High levels of dopamine can warp perception in all kinds of unexpected ways.
Parkinson’s drugs ‘made me gambler, thief and gay sex fiend’
A French court is set to award substantial damages to a 47-year-old father-of-two with Parkinson’s disease who was ruled to have been turned into a gambler and thief, with compulsive homosexual urges, by the drugs he was being treated with.
Didier Jambart, a French defence ministry employee, has been suing for damages of €400,000 after being prescribed with dopamine agonist drugs in a case that is being closely studied by lawyers representing Parkinson’s sufferers in Britain, the US and Canada. Like Jambart, they claim that they were provided with minimal information about the disturbing side effects, estimated to affect up to 15 per cent of those taking the drugs.
‘I could not have told this story even several months ago without breaking down,’ said Jambart. ‘I know of other dreadful examples here in France, including someone imprisoned as a result of their compulsive gambling, and of women who ended up prostituting themselves in mobile homes because of their sexual obsessions.’ He ran up gambling debts of €130,000 while stealing from his family, friends and neighbours to fund his obsession. He even sold toys belonging to his two young sons.

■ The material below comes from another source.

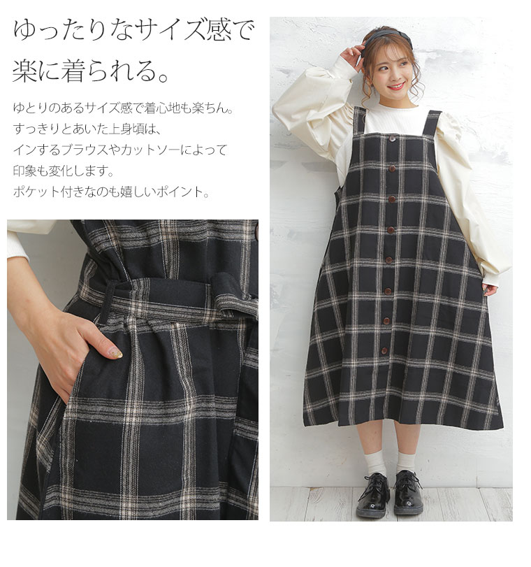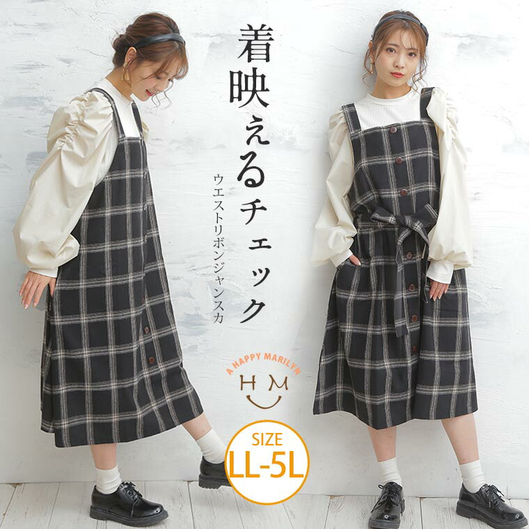 チェック柄が魅力的なウエストリボンジャンスカ。 ★サイズ:LL~5L ¥1,980(税込)
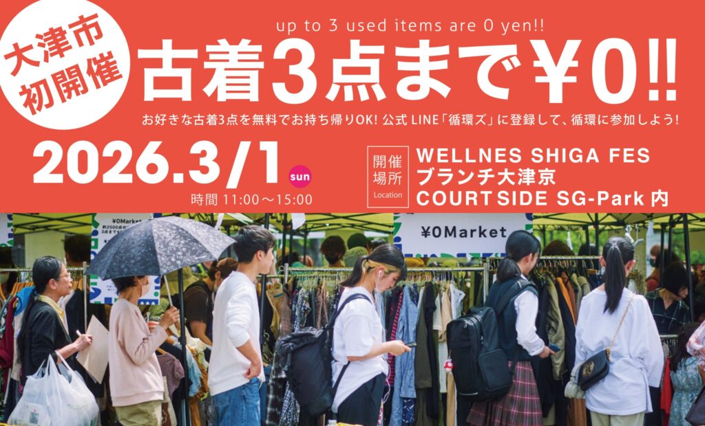 古着 (国内リユースアイテム)がおひとりさま3点まで0円!!¥0マーケットが滋賀県大津市の「COURT SIDE SG-Park」で開催。

Dopamine agonists, which mimic the mood chemical dopamine, are used in several branded drugs commonly prescribed for Parkinson’s, a debilitating disease which affects some 120,000 people in Britain. In most cases, they successfully counter symptoms which include muscular tremors and slowness of movement.
But within a year of starting his medication, Jambart felt the first signs of what he calls ‘a state of Jekyll and Hyde’. During the highs he began placing horse racing bets on the internet. But in December 2004, he made the first of three suicide attempts. The next year he began trawling gay internet sites for sexual partners whom he invited home.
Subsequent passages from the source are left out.